*** Block opens ***
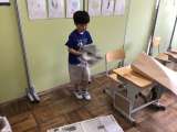 2年生は図工で、「くしゃくしゃ ぎゅっ」という造形遊びを楽しみました。 新聞紙を...
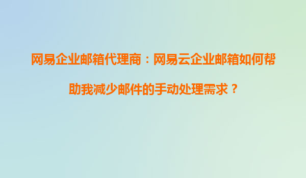 2025-09-16網(wǎng)易企業(yè)郵箱代理商:網(wǎng)易云企業(yè)郵箱如何幫助我減少郵件的手動處理需求? 在快節(jié)奏的現(xiàn)代商業(yè)環(huán)境中,處理大量電子郵件可能成為一項繁瑣的任務。手動處理郵件不僅耗時,還容易出錯。網(wǎng)易企業(yè)郵箱(網(wǎng)易云企...
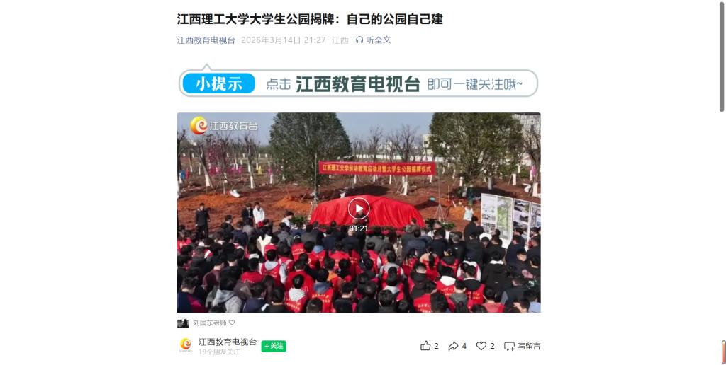 3月11日,体育博彩 举行劳动教育启动月暨大学生公园揭牌仪式。该公园由劳动公园、大学生智创工厂、大学生共享厨房三大板块构成,是学校开展劳动创造、劳动实践、劳动锻炼的重要阵地,将以场景化、沉浸式劳动教育引导学生深刻体悟“劳动创造幸福、劳动锻炼意志、劳动开拓思路” 的价值内涵。
*** Block closes ***
The copy should begin at the line containing "2025-09-16網(wǎ" and end at the last line of the data above; please restate those lines word for word without the pictures.

 2025-09-16網(wǎng)易企業(yè)郵箱代理商:網(wǎng)易云企業(yè)郵箱如何幫助我減少郵件的手動處理需求? 在快節(jié)奏的現(xiàn)代商業(yè)環(huán)境中,處理大量電子郵件可能成為一項繁瑣的任務。手動處理郵件不僅耗時,還容易出錯。網(wǎng)易企業(yè)郵箱(網(wǎng)易云企...
 3月11日,体育博彩 举行劳动教育启动月暨大学生公园揭牌仪式。该公园由劳动公园、大学生智创工厂、大学生共享厨房三大板块构成,是学校开展劳动创造、劳动实践、劳动锻炼的重要阵地,将以场景化、沉浸式劳动教育引导学生深刻体悟“劳动创造幸福、劳动锻炼意志、劳动开拓思路” 的价值内涵。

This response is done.